A groundbreaking library has been created that hopes to represent all of humanity and ensure that no genetic variations are left out.
The entire human genome was first sequenced in April 2003 as part of the landmark Human Genome Project, and the news was shared with well-deserved fanfare. It provided fundamental information about the human blueprint (DNA) and showed that we all share 99.6 percent of genetic information.
Now twenty years later, scientists are still working to decipher the remaining 0.4 percent, which represents the variety and diversity of the human species. There is good news however, as researcher from many countries including Canada, Denmark, Germany, Italy, Japan, Spain, the UAE, the UK, and the US, have now created what they have dubbed the human pangenome reference consortium. This is a collection of sequenced human genomes with the aim to represent a wide variety of DNA sequences found across Homo sapiens. It is the first step in comparing genetic variation that will enable us to understand how our genes vary and mutate.
What is a genome?
A genome is all the genetic information of an organism. It consists of nucleotide sequences of DNA (or RNA in RNA viruses).
What is the pangenome?
The pangenome is a composite (or the beginnings of a library) of genome sequences from 47 people compiled into one data structure. It is essentially a map of genetic code and represents human beings of diverse ethnic backgrounds. These 47 genomes were compared to assess what is identical and what is different among people. The idea is for it to serve as a reference for researchers trying to predict, diagnose and treat diseases for a variety of people. It will also help to better understand genetic variation across our species.
According to Nature News: “Many of the samples being analysed are from people who took part in the 1000 Genomes Project, a sequencing effort initiated in 2008 to map genetic variation across 26 diverse populations. The participants’ frozen DNA samples are being defrosted and reanalysed by the pangenome consortium using a more detailed technique called ‘long-read sequencing’. This analyses longer sections of DNA at a time compared with older sequencing methods, and can distinguish between chromosome pairs from the same person. “It’s a much higher-resolution approach,” says Keolu Fox, a genome scientist at the University of California, San Diego..
While the Human Genome Project was itself groundbreaking, it sourced material from 20 people (mostly European) and the majority of its information was obtained from one mixed-race person. In the pangenome a composite of different genomes is compared to highlight variations.
“It’s been long needed—and they’ve done a very good job,” Ewan Birney, a geneticist at the European Molecular Biology Laboratory who did not contribute to the work, tells the New York Times’ Elie Dolgin.
“It’s an exceptional advance,” Mashaal Sohail, an evolutionary geneticist at the National Autonomous University of Mexico who was not involved in the research, tells Science’s Rodrigo Pérez Ortega. “It’s making the picture of human genetic variation more accurate and more complete.”
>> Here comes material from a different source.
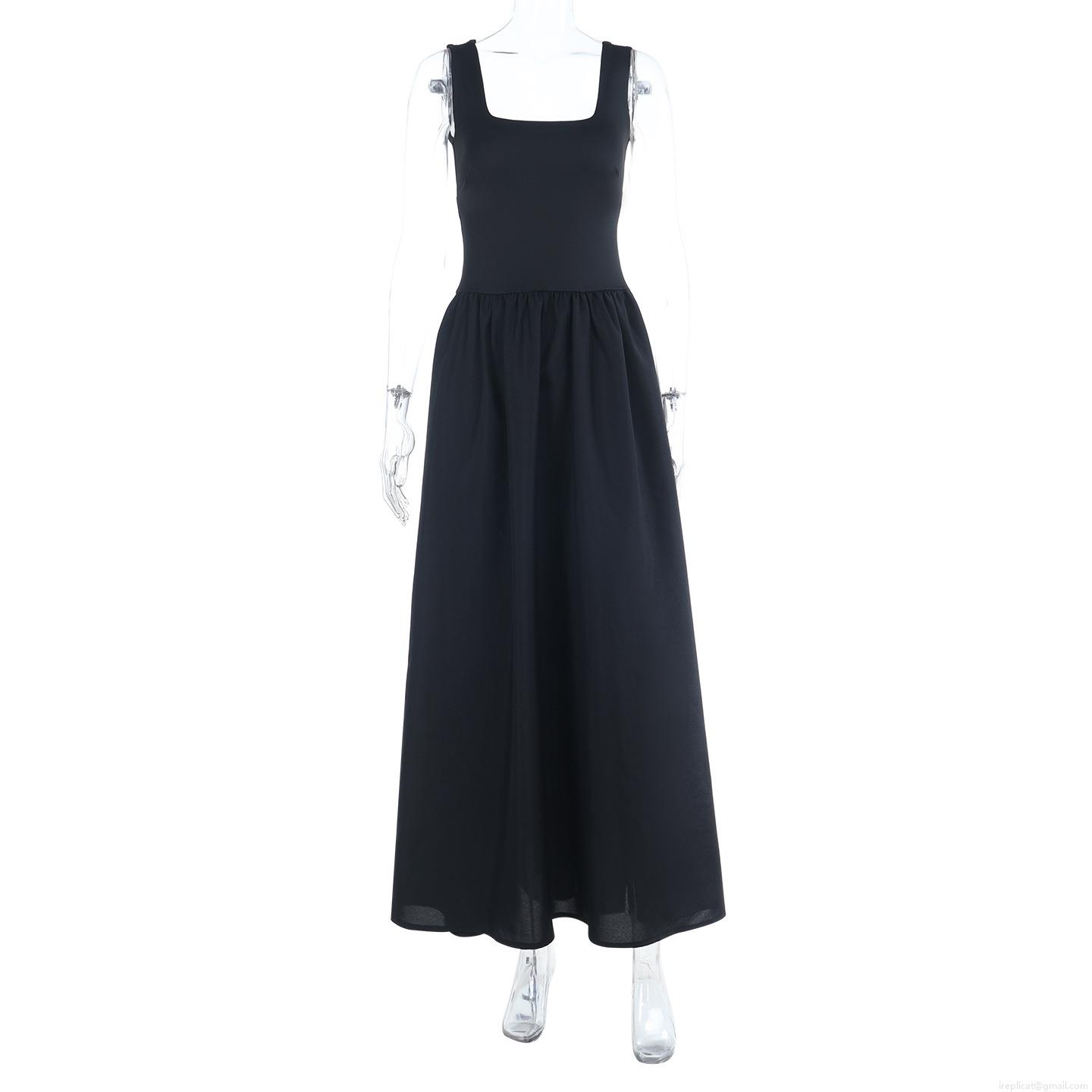 Solid Color, Splice, Backless, Sleeveless, Square Collar, A Pendulum

“It’s something that we have all been waiting for,” says Aimé Lumaka, a geneticist who holds a joint position at the University of Liège in Belgium and the University of Kinshasa in the Democratic Republic of the Congo. “The current reference genome is missing not only part of the genomic information but, most importantly, it’s missing diversity,” he says.
What can the pangenome be used for?
Such a reference genome can prove to be crucial for doctors and medicine. It can help to identify mutations in patients and to diagnose genetic conditions.
“We’re missing quite a bit of information that can contribute to our knowledge of health disparities and health inequities,” Krystal Tsosie, a genetic epidemiologist at Arizona State University, tells Science.
What is next for the pangenome?
While this is a great step forward, it needs a lot more representation of global human diversity. “It’s still underrepresenting Latin Americans and Indigenous Americans, and … there’s nobody included from Oceania,” O’Connor tells Science News. “There’s still a lot more variation that needs to be added to the pangenome to really, truly be representative of everyone.”
Because of this, the scientists aim to expand the reference genome to include sequences from 350 different people by 2024.
And they are ensuring that ethical concerns are also being addressed, especially since the Human Genome Project was criticized for not engaging properly with the marginalized communities that they were sampling.
“I am concerned that many of the participating pangenome locations have samples that were collected in the 1980s under very different political and social structures,” Latifa Jackson, a geneticist at Howard University, tells Nature News. “We need to revisit ideas of consent, especially for samples collected 30–40 years ago under very different power structures.”
The draft genome, was produced by the Human Pangenome Reference Consortium, which was aunched in 2019. It is an international project that aims to “map the entirety of human genetic variation, to create a comprehensive reference against which geneticists will be able to compare other sequences. Such a reference would aid studies investigating potential links between genes and disease.”
The research was published in Nature.